A few years prior to this album, in the midst of trying to bring compilation album Tarkan and Şımarık to a worldwide audience, Tarkan - by this point already nicknamed megastar and the most popular male singer in Turkey - and Ahmet Ertegün, founder of Atlantic Records, had planned, then broken off conversations around a possible American debut. Both cited creative disagreements as the cause. Ertegün had asked Tarkan to stick to sounds more familiar to the American audience: hip hop and rnb. “I wanted to protect the Turkish spirit and the Mediterranean warmth,” Tarkan had said later in an interview, “and combine it with sounds the West is already familiar with, but as a different style.”

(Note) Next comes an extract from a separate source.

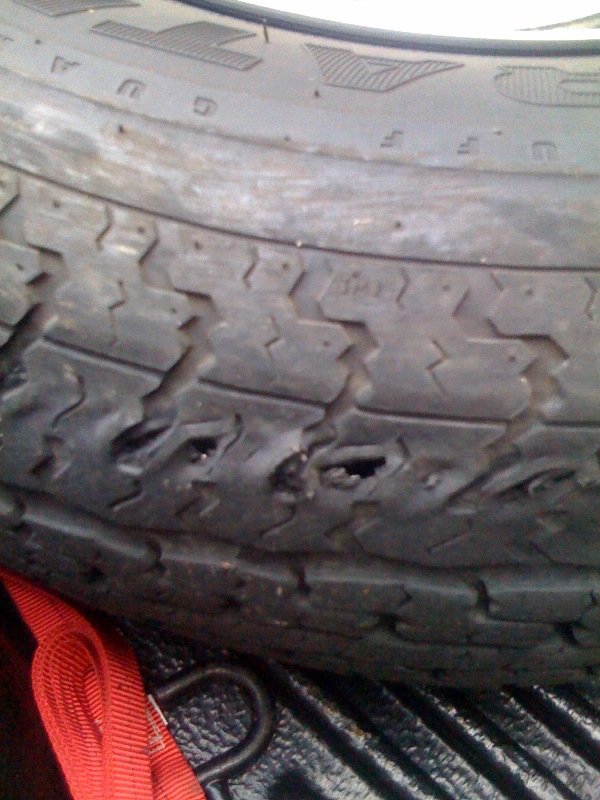 I guess I found out the hard way that they are not rated to go so fast. Actually I got lucky and found this when I stopped since I check my tires and bearings every time I get out of the truck. The tread actually separated from the tire. I think that the wheel was not on straight after I put it on last time and it may have been sitting on that stupid plastic ring that covers the bearings. The ring is now gone and a new tire is on.

On Karma, his vision came to full fruition. It is a record in which a healthy synthesis of different musical styles all over the world could exist without veering off into cultural appropriation territory. It’s a very deeply Turkish record, yet it opens itself up to foreign listeners, so ahead everything that came out at the time, so clear-eyed in what it wants to be and present itself as. Due to issues with Polygram — now Universal — the release of this record got delayed in Europe, stalling the progress Tarkan had made before. Still, this marks Tarkan’s strongest artistic statement at the peak of his popularity and powers. He would never go back to long hair again, no longer dance flamboyantly in the desert, instead going for a suit and close-cropped hair, displays of stereotypical masculinity. And though Tarkan will never see a bad album sales day ever again, it’s factually impossible to recreate what Karma holds in his discography. The album has become part of the fabric of the elusive 00s Turkey, the one that won Eurovision and got third on the World Cup and didn’t invade Iraq due to protests. A Turkey that thought it could seriously join the European Union, open to the world at large, where I’d hear how much my classmates and other adults enjoyed popular tourist spot Antalya. An open, democratic Turkey — like Tarkan’s voice vocalizing with the electronic percussion at the end of Verme, it sways into the mist of oblivion, more and more obscure by the day, a gold standard that we do not see ourselves in any longer. In his interview in the show Frekans for CNN Türk, nineteen years ago, Tarkan is asked about what politicians should focus on instead of having an opinion of him. “The economic crisis,” Tarkan answers. He might as well be talking about today.